Embora o dia tenha acabado, Henry parece pouco inclinado a ir para dentro. Está de pé, olhando em volta, inalando o suor de cavalo, a testa atravessada por uma queimadura do sol cor de tijolo. Perdeu o chapéu no princípio do dia e assim, como impõe o costume, todos os caçadores do grupo foram obrigados a tirar os seus. O Rei recusou todas as ofertas de chapéus substitutos. À medida que o crepúsculo se insinua sobre os bosques e campos, os criados andarão atentos a qualquer movimento da pluma negra sobre o fundo da relva que escurece ou ao lampejo da sua insígnia de caçador, um Santo Humberto de ouro com olhos de safira. Já se sente o Outono.
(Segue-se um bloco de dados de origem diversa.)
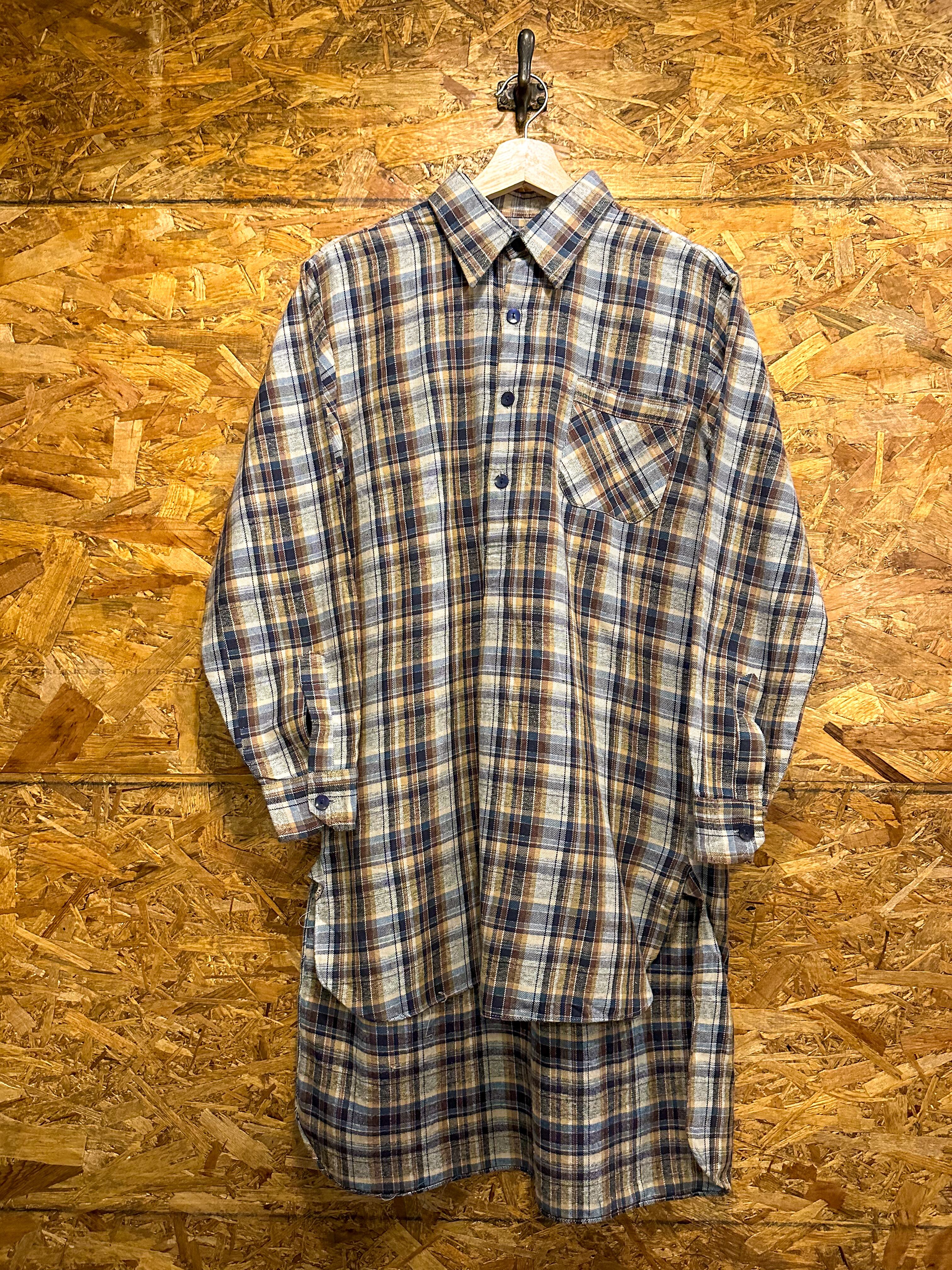 50〜60's Grandpa Shirt Brown×Blue made in France

Sabe-se que não haverá muitos mais dias como estes; por isso deixemo-nos estar, os palafreneiros de Wolf Hall enxameando à nossa volta, o Wiltshire e os condados ocidentais espraiando-se numa bruma azul; deixemo-nos estar, a mão do Rei no ombro dele, o rosto de Henry concentrado enquanto vai rememorando o panorama do dia, os pequenos bosques verdes e os rios revoltos, os amieiros à borda de água, a bruma matinal que às nove horas já levantou; o breve chuvisco, o vento leve que morreu e amainou; a calmaria, o calor da tarde. - Senhor, como não estais queimado? - inquire Rafe Sadler. Ruivo como o Rei, ficou de um cor-de-rosa com manchas e com sardas, e até os seus olhos parecem doridos.
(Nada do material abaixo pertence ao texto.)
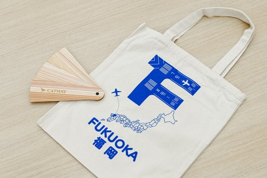さらに、香港行きCX589便の搭乗ゲートでは、ご搭乗のお客様全員に記念品(キャセイ オリジナル木製扇子、福岡国際空港 オリジナルトートバッグ)をプレゼントいたしました。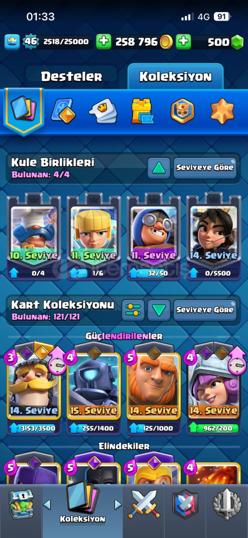 KULE SEVİYESİ SIRADAN 14LV 500 ELMAS 41 EMOJİ VAR 9 YILLIK HESAP ROZETİDE VAR.

Ele, Thomas Cromwell, encolhe os ombros; deixa cair um braço em volta dos ombros de Rafe enquanto se dirigem para dentro de casa. Atravessou toda a Itália, tanto os campos de batalha como a arena sombreada do escritório de contabilidade, sem perder a sua palidez londrina. A sua infância celerada, os dias no rio, os dias nos campos: deixaram-no tão branco como Deus o fez. - Cromwell tem uma pele de lírio - pronuncia o Rei. - É o único particular em que se parece com essa ou com qualquer outra flor. - Vai-se metendo com ele enquanto se encaminham vagarosamente para a ceia». In Hilary Mantel, Bring Up the Bodies, 2012, O Livro Negro, Civilização Editora, Porto, 2013, ISBN 978-972-26-3594-3.